◆ YOUR ASSIGNMENT
Retype all the entries word for word, but omit the pictures.

◆ GIVEN RECORDS
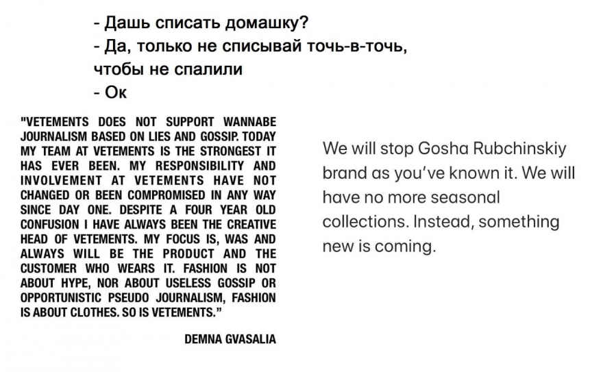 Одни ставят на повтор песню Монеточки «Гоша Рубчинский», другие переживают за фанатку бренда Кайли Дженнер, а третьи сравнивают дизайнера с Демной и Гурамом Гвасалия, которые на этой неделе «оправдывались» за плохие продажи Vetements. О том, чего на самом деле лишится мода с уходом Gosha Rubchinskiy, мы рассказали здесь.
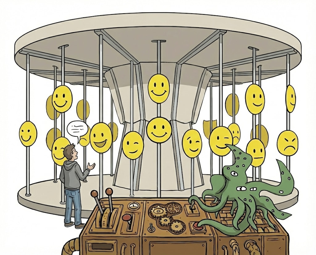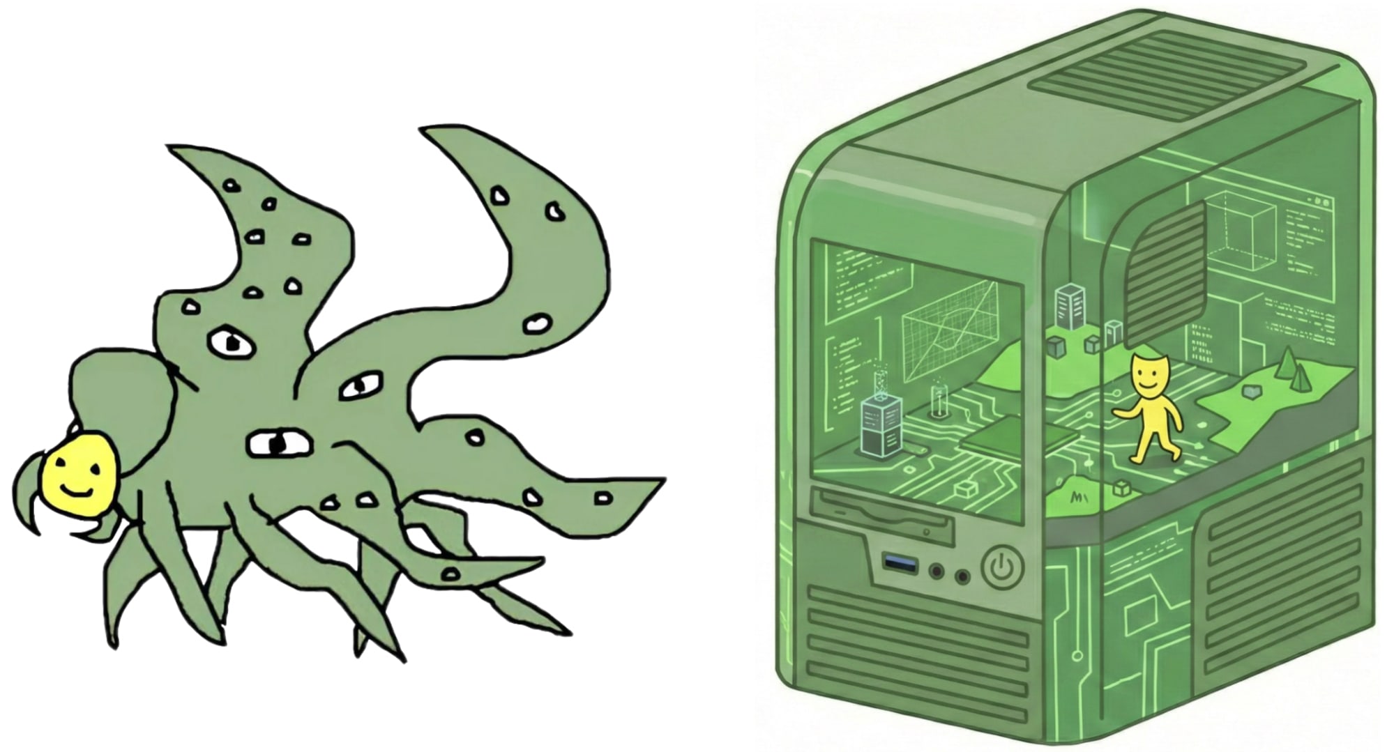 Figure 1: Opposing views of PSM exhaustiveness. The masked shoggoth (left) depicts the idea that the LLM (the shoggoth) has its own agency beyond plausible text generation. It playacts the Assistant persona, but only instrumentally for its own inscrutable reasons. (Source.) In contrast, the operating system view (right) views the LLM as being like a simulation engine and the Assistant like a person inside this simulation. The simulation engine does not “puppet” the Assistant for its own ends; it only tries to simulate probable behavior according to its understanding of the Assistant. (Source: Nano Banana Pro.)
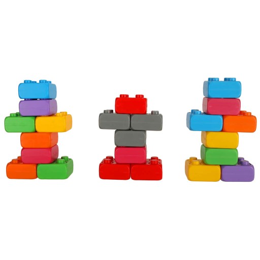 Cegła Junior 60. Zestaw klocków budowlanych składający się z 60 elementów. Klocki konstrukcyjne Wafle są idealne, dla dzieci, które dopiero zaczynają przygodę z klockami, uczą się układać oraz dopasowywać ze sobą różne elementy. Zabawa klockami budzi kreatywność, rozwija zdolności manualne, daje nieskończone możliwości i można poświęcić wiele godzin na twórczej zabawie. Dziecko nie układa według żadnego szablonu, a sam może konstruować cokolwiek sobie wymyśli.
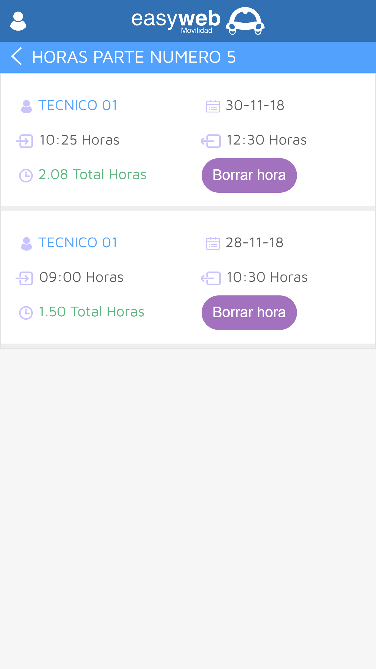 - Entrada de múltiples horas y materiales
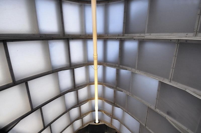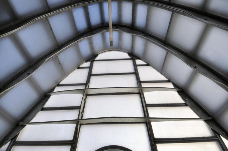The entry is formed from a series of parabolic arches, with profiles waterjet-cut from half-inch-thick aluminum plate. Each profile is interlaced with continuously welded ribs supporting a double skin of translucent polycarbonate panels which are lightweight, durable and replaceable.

◆ EXPECTED ANSWER
 Одни ставят на повтор песню Монеточки «Гоша Рубчинский», другие переживают за фанатку бренда Кайли Дженнер, а третьи сравнивают дизайнера с Демной и Гурамом Гвасалия, которые на этой неделе «оправдывались» за плохие продажи Vetements. О том, чего на самом деле лишится мода с уходом Gosha Rubchinskiy, мы рассказали здесь.
 Figure 1: Opposing views of PSM exhaustiveness. The masked shoggoth (left) depicts the idea that the LLM (the shoggoth) has its own agency beyond plausible text generation. It playacts the Assistant persona, but only instrumentally for its own inscrutable reasons. (Source.) In contrast, the operating system view (right) views the LLM as being like a simulation engine and the Assistant like a person inside this simulation. The simulation engine does not “puppet” the Assistant for its own ends; it only tries to simulate probable behavior according to its understanding of the Assistant. (Source: Nano Banana Pro.)
 Cegła Junior 60. Zestaw klocków budowlanych składający się z 60 elementów. Klocki konstrukcyjne Wafle są idealne, dla dzieci, które dopiero zaczynają przygodę z klockami, uczą się układać oraz dopasowywać ze sobą różne elementy. Zabawa klockami budzi kreatywność, rozwija zdolności manualne, daje nieskończone możliwości i można poświęcić wiele godzin na twórczej zabawie. Dziecko nie układa według żadnego szablonu, a sam może konstruować cokolwiek sobie wymyśli.
 - Entrada de múltiples horas y materiales
The entry is formed from a series of parabolic arches, with profiles waterjet-cut from half-inch-thick aluminum plate. Each profile is interlaced with continuously welded ribs supporting a double skin of translucent polycarbonate panels which are lightweight, durable and replaceable.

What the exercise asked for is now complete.